«На сём месте погребена Елена де Ласкари третья жена, урождённая Хрисоскулеева. Несчастный муж, я кладу в сию могилу печальные останки любезной жены. Прохожий! Ты, который причину слёз моих зришь, возстони о печальной судьбе и знай, что добродетель, таланты, прелести вотще смерти противоборствуют». Так он написал на надгробии своей следующей жены.
Вторая Агафия Иванна, выходя замуж за несчастного вдовца, очень его жалела, возможно, и полюбила даже… А что думала третья невеста, идя под венец с предприимчивым греком? Может быть об его деньгах или о несуществующих успехах при дворе — кто знает…
Узнав о похоронах третьей девушки, императрица задумчиво покачала головой — такой прыти от своего «засланного казачка» она не ожидала. Ласкари не стал вельможей, не стал дворянином, но он был теперь богатым человеком, очень богатым, одним из самых богатых людей в Петербурге.

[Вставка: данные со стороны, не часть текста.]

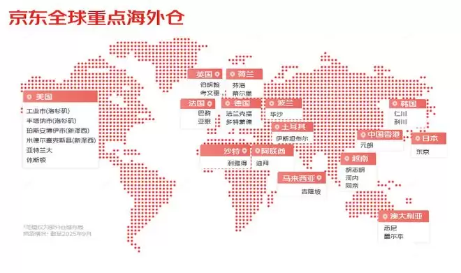 这家公司在海外投入大、资产重,试图在海外复刻国内的模式,在海外再造一个京东物流。据京东物流财报,截至2025年中,京东物流已拥有超130个保税仓库、直邮仓库和海外仓库,总管理面积超130万平方米,各类海外仓已覆盖全球23个国家和地区。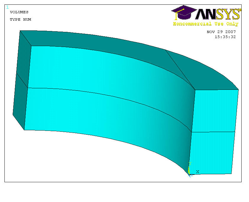 Hallo, wenn du nur den "Viertelkreis" vernetzen willst, wieso erzeugst du dir nicht einfach 1. die zwei Rechtecke in der Y-X-Ebene und unterteilst die Linien mit LESIZE 2. Vernetze die beiden Rechteckflächen mit dem Element MESH200. Dort kannst du dir die Elementform aussuchen 2. erzeuge einen Pfad, der dem Viertelkreis entspricht und unterteile die Linie wieder mit LESIZE 4. Mit Hilfe von VDRAG kannst du nun die beiden Rechtecke entlang des Pfades extrudieren und bekommst deinen Viertelkreis. Auf der Oberfläche befindet sich noch so eine "Unterteilung". Ist die wichtig? Wenn ja, dann müsstest du dir diese Oberfläche als Linien erstellen, wieder mit LESIZE unterteilen und mit MESH200 vernetzen. Dann aber diesmal den Pfad nach unten erstellen und dann mit VDRAG das Volumen erstellen. MfG, Heiner |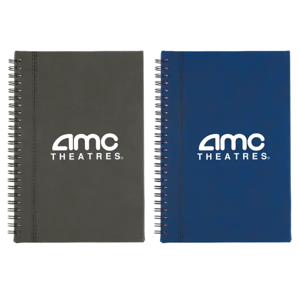 Spiral bound 100 ivory sheet lined notebook; soft touch PU cover with front stitch detail. 8.5" H x 6" W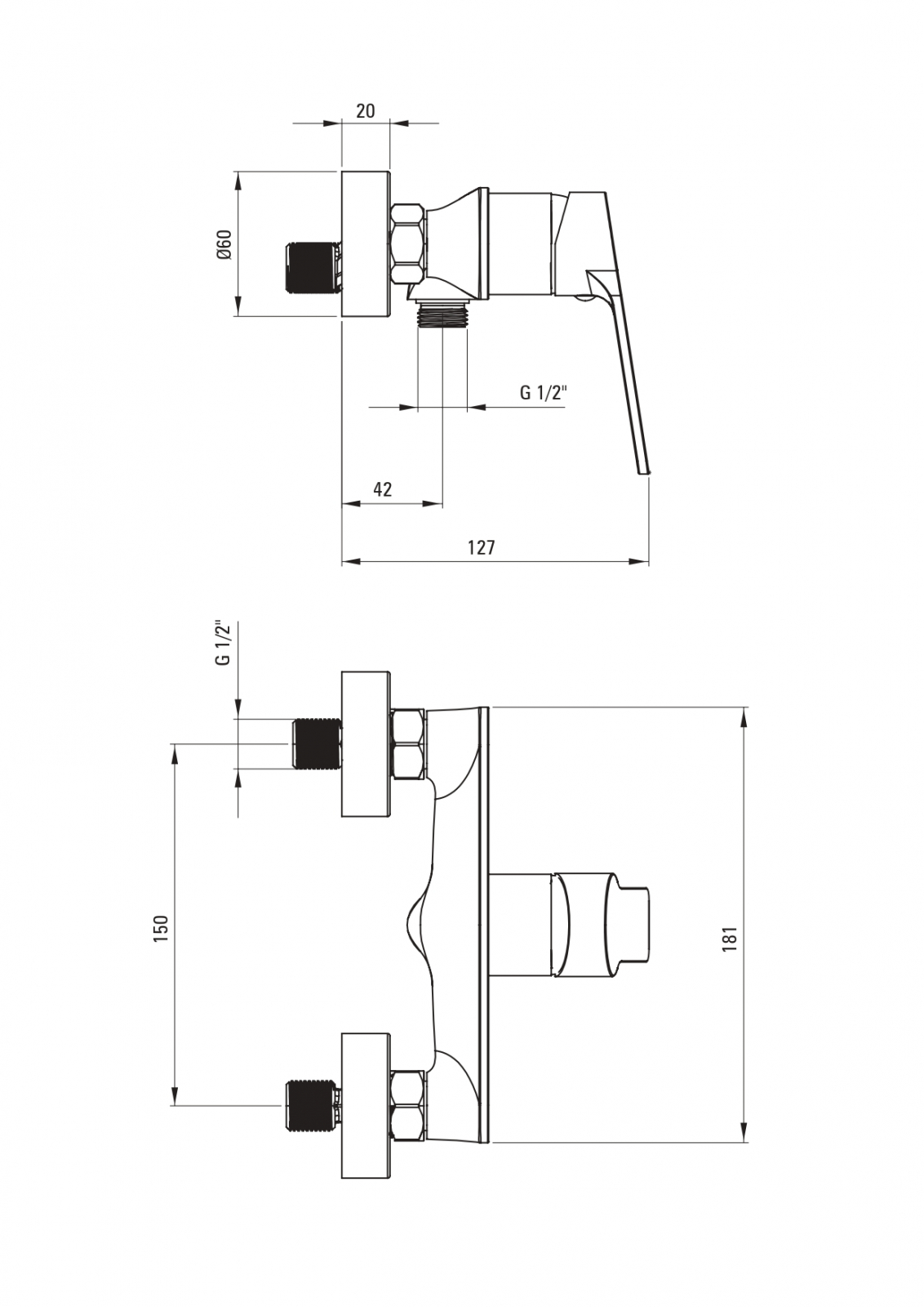 Baterie duș Deante Loco cu montaj pe perete și finisaj cromat. Fabricată din alamă, include cartuș ceramic de 35 mm. Clasa de Debit S. Garanție 7 ani.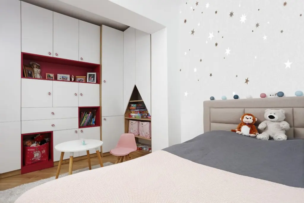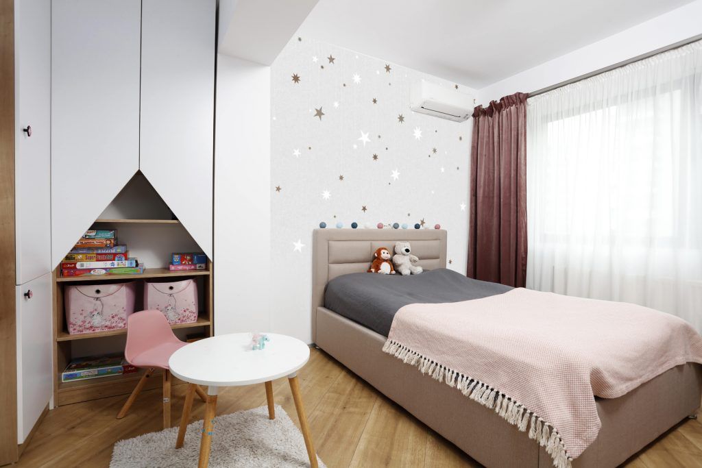 In dormitorul copilului, amenajat cu multa culoare, a fost propus un tapet de la The Home. Dressingul este momentan suficient de incapator pentru jucarii, insa este proiectat pentru a se putea adapta cerintelor in schimbare ale fetitei.

А Фальконет тем временем неистово работал. Вот и сегодня он стоял у Большой модели, пристально разглядывая её, словно видел в первый раз. Ласкари был здесь же, записывал что-то в большую расходную книгу.
— В Конторе строений требуют подробных отчётов, на что мы тратим деньги. Генерал Бецкой очень придирчив, ему приходится ежегодно держать отчёт перед Сенатом об израсходованных средствах на построение монумента… — Заметил он, не отрывая глаз от своих цифр.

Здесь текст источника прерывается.